The role of formant-frequency contours in the perceptual grouping of speech formants
Poster presentations (verbal transformation effect)
Included here are posters containing material from the part of the
project relating directly to Marcin Stachurski's research towards the PhD. None of this material has yet appeared in the form of published journal
articles. Marcin is currently writing up his thesis.
(1) Poster by Stachurski, Summers, and Roberts (presented in September 2009). Grouping and the Verbal Transformation Effect - The influence of fundamental frequency, ear of presentation, and interaural time-difference cues
(2) Poster by Stachurski, Summers, and Roberts (presented in May 2011).
Grouping and the Verbal Transformation Effect - The influence of formant transitions
Project outcomes summary
Our approach was to generate artificial speech-like stimuli with
precisely controlled properties, particularly the spectral prominences called
formants.
These are important because they arise as a result of resonances in the
air-filled cavities of the talker’s vocal tract.

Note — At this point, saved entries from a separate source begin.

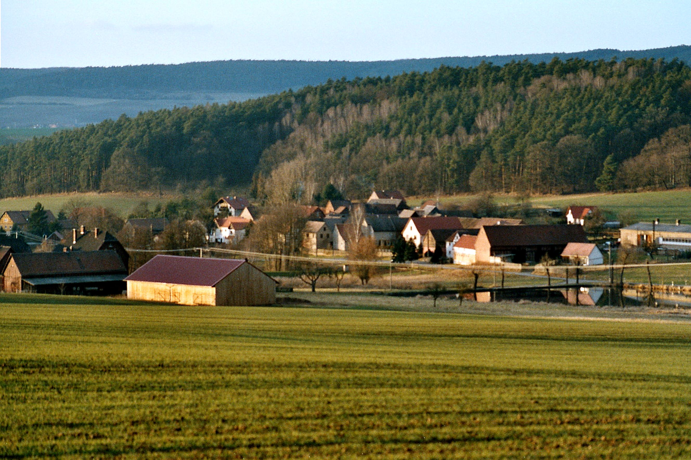 View to the hamlet Lotschen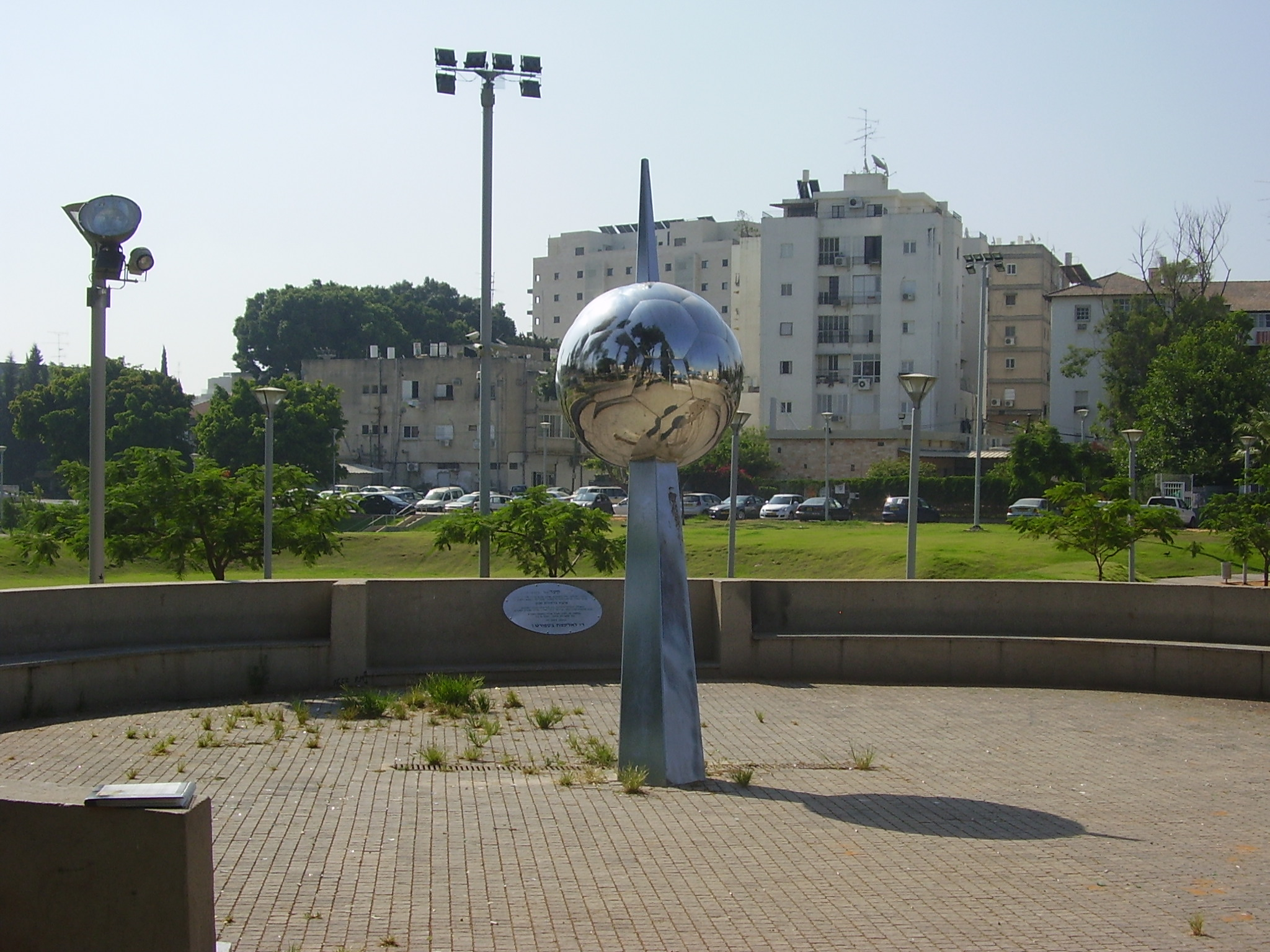 Moti Kind memorial in Rehovot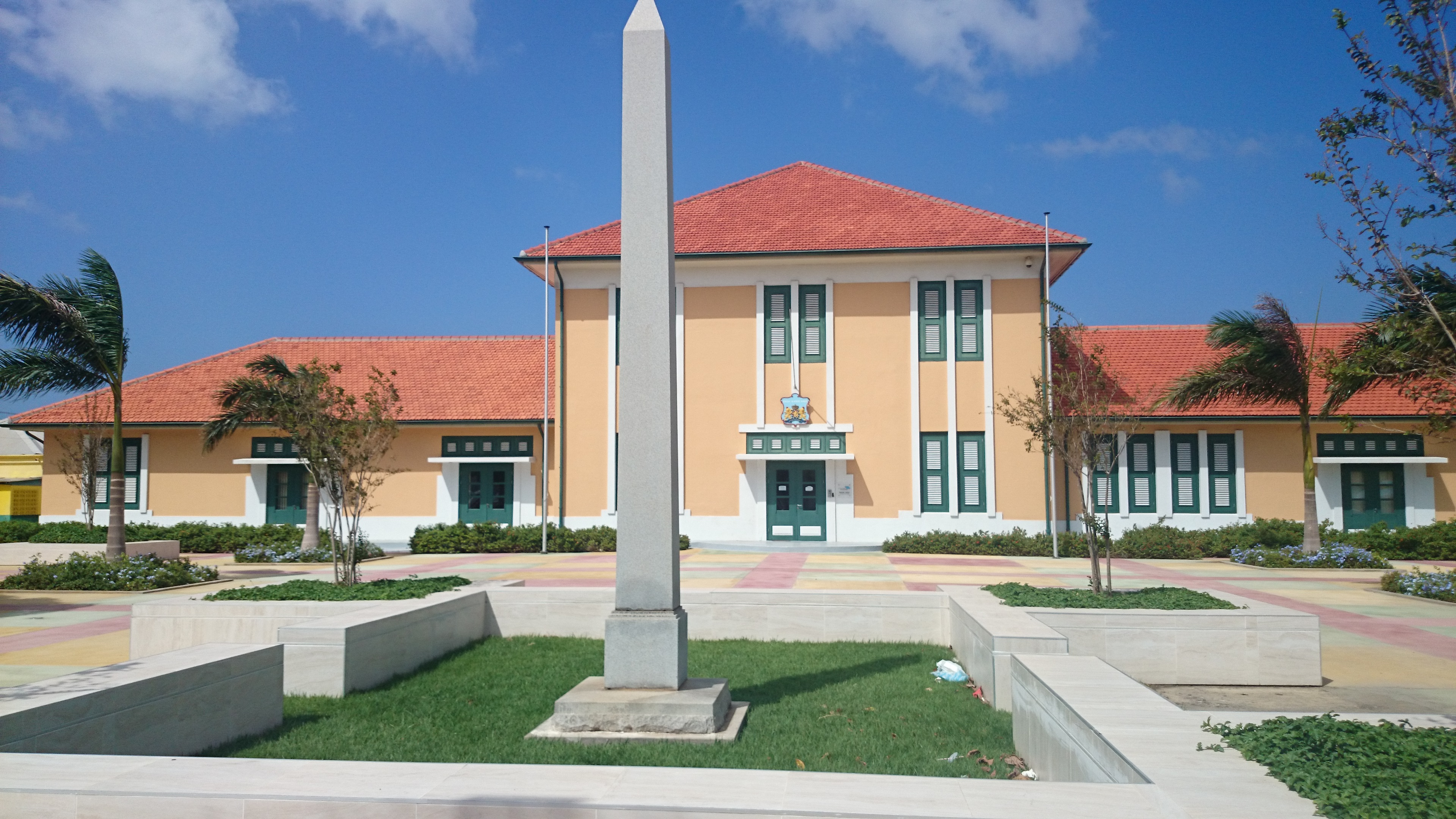 Another view of front of courthouse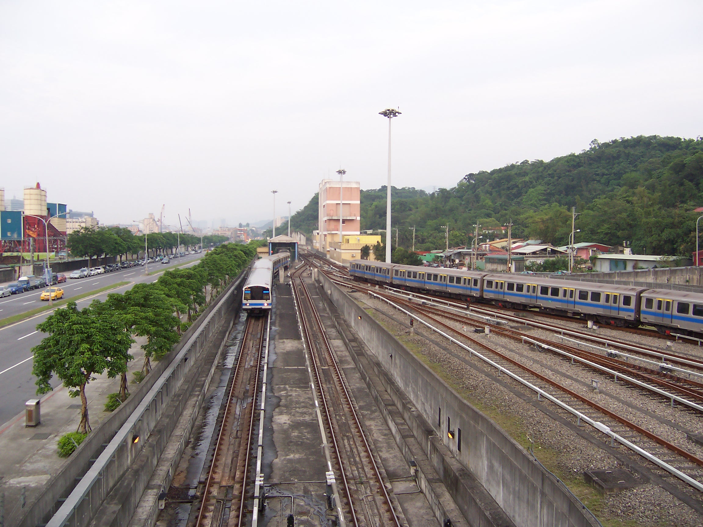 南港機廠一隅。左側列車正要從清洗軌轉入正線，右側列車正從駐車廠離開。 A corner of Nangang depot.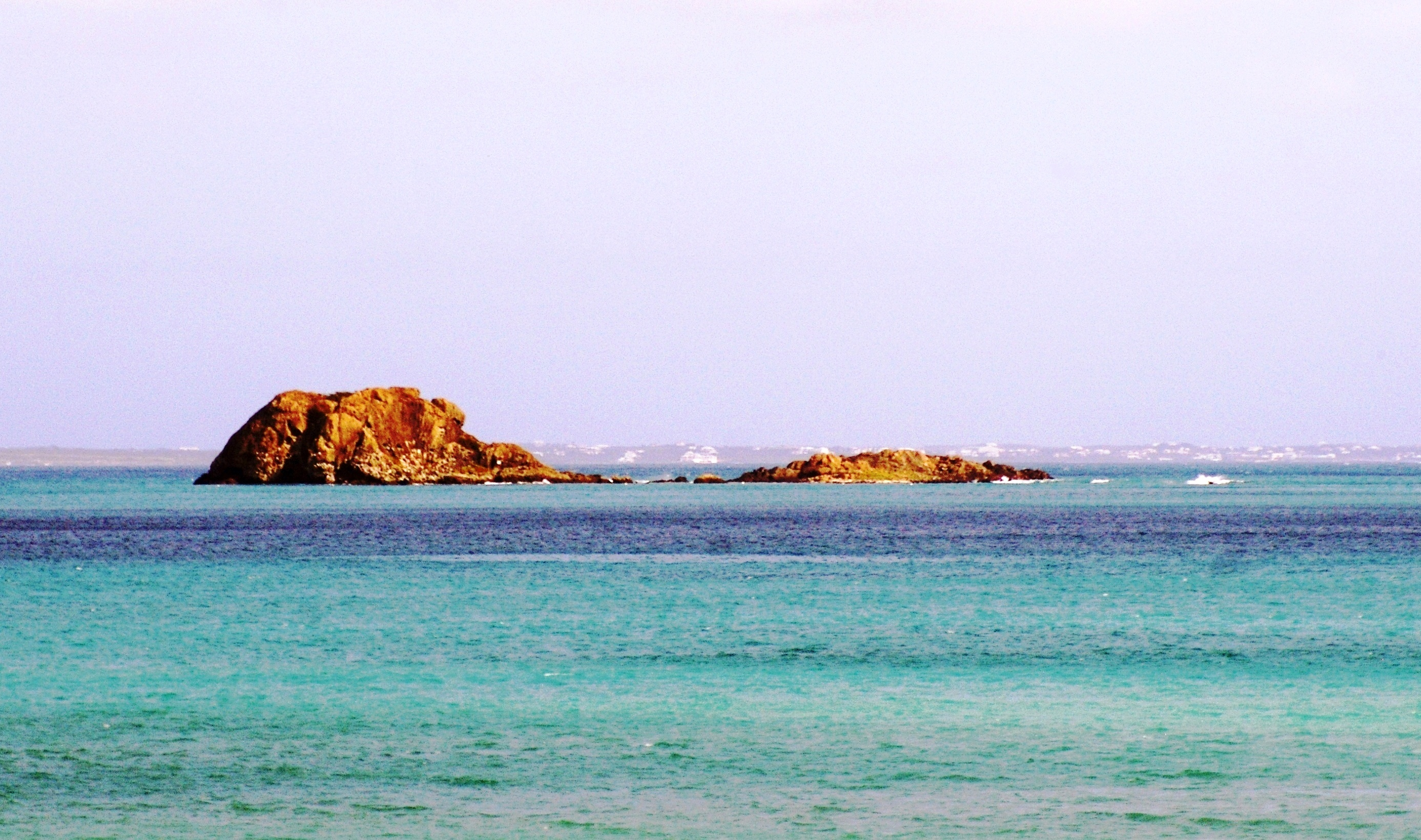 Creol Rock (24 m) in the Bay of Grand Case, Saint Martin. The flat island behind in the north: Anguilla (UK)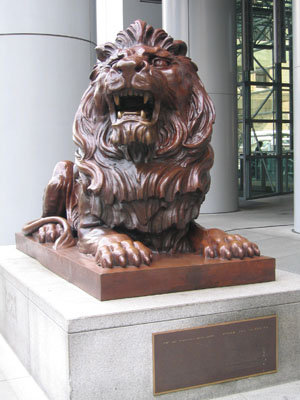 I took the photo of the left lion statue myself on 3-11-2004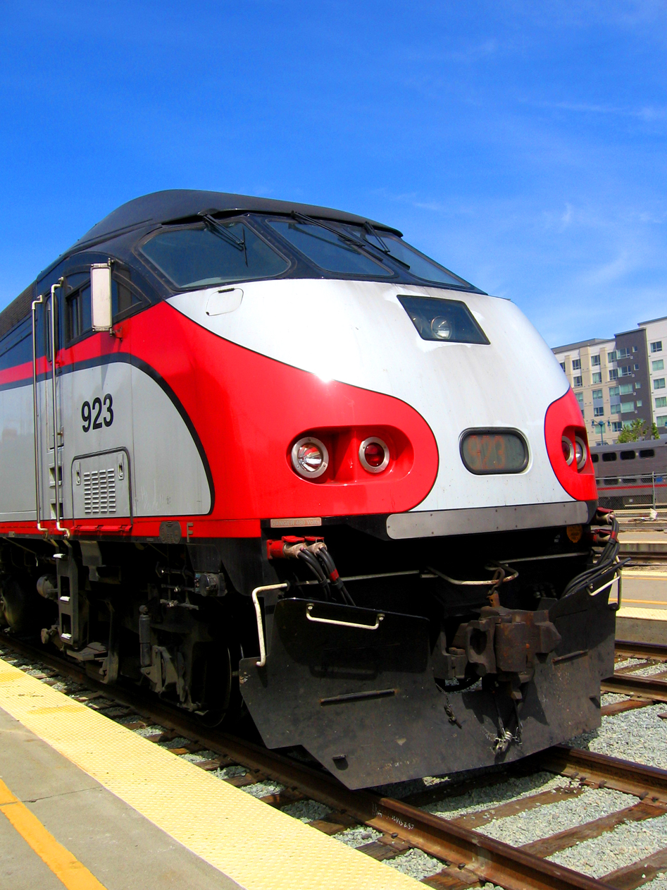 Caltrain MPI MP36PH-3C 923 at San Francisco station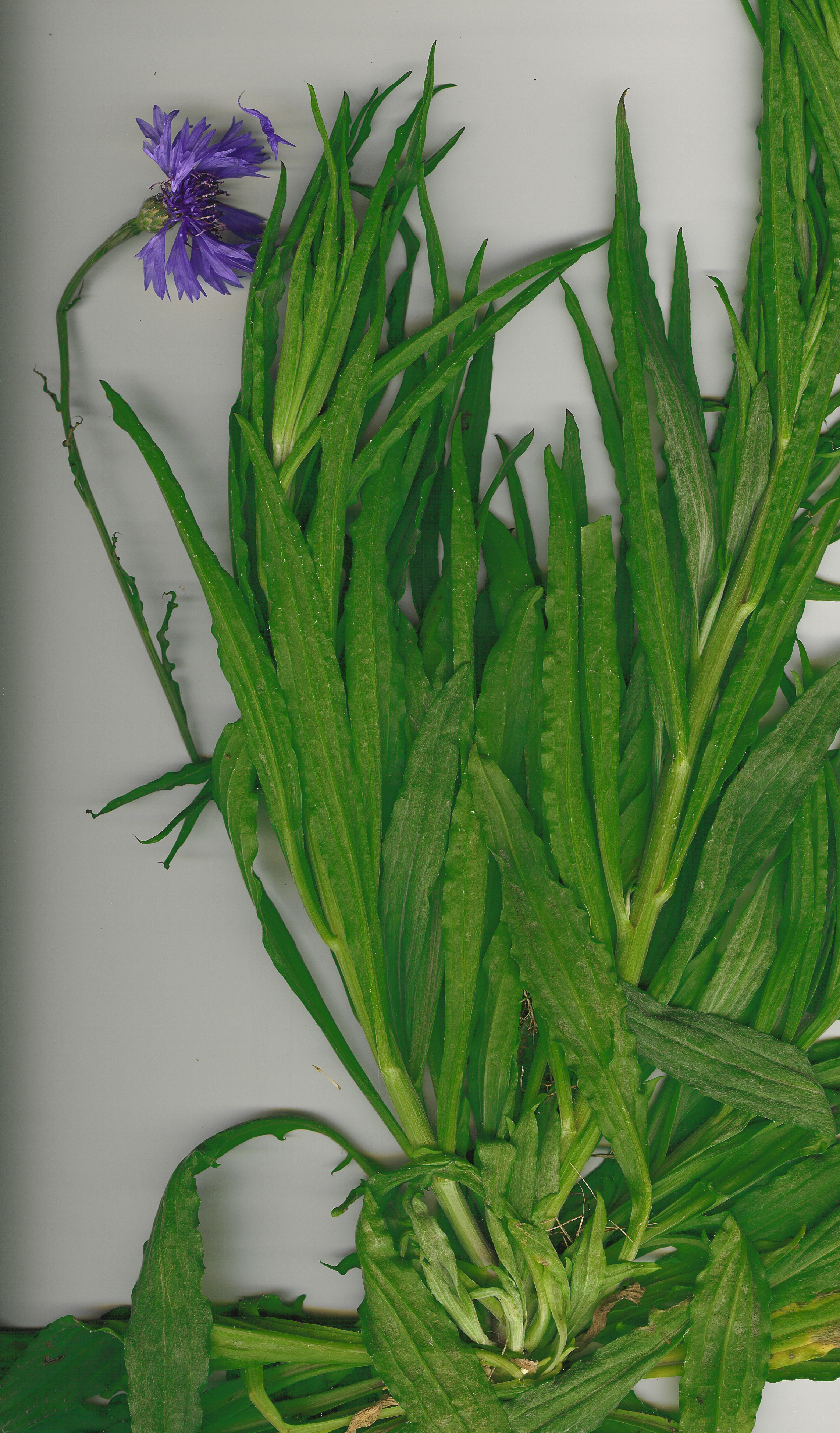 Centaurea cyanus (purple flower plant). Location: Maui, Kula

Variation in the frequency and
amplitude of a formant is an inevitable consequence of change in the size of
its associated cavity as the tongue, lips, and jaw move when the talker produces
speech. Hence, knowledge of formant frequencies and their change over time is
of great benefit to listeners trying to understand a spoken message, and so
choosing the right set of formants from a mixture is critical for
intelligibility. Simplified versions of target sentences were synthesised and
then mixed with carefully designed “competitors” offering alternative
grouping possibilities for the formants in the target sentence. The impact of
these competitors on listeners’ recognition of the target sentence in the
mixture was measured as the properties of the competitors were manipulated.
The key findings of the project are: (a) Modulation of the formant-frequency
contour, but not the amplitude contour, is critical for across-formant grouping;
(b) The ability of listeners to reject a competitor formant declines as either
the rate or depth of modulation of its frequency contour increases, relative to
that of the target sentence; (c) The impact of a competitor does not depend on
whether its pattern of variation in formant frequency is plausibly speech-like; (d) The ability of listeners to reject a competitor
increases as the pitch difference between target and competitor formants increases;
(e) Formant-frequency variation conveys information important for speech
intelligibility even in contexts often regarded as conveying information about
speech-sound identity mainly through other cues. In summary, the results of
this project have shown that our ability to segregate a talker’s speech from a
sound mixture depends heavily on general-purpose grouping principles and rather
less on speech-specific principles than has been suggested by some researchers.
The results also suggest approaches by which engineers and computer scientists
might improve the performance of devices such as hearing aids and automatic
speech recognizers when they are operating in noisy environments.
Last updated 23 August 2011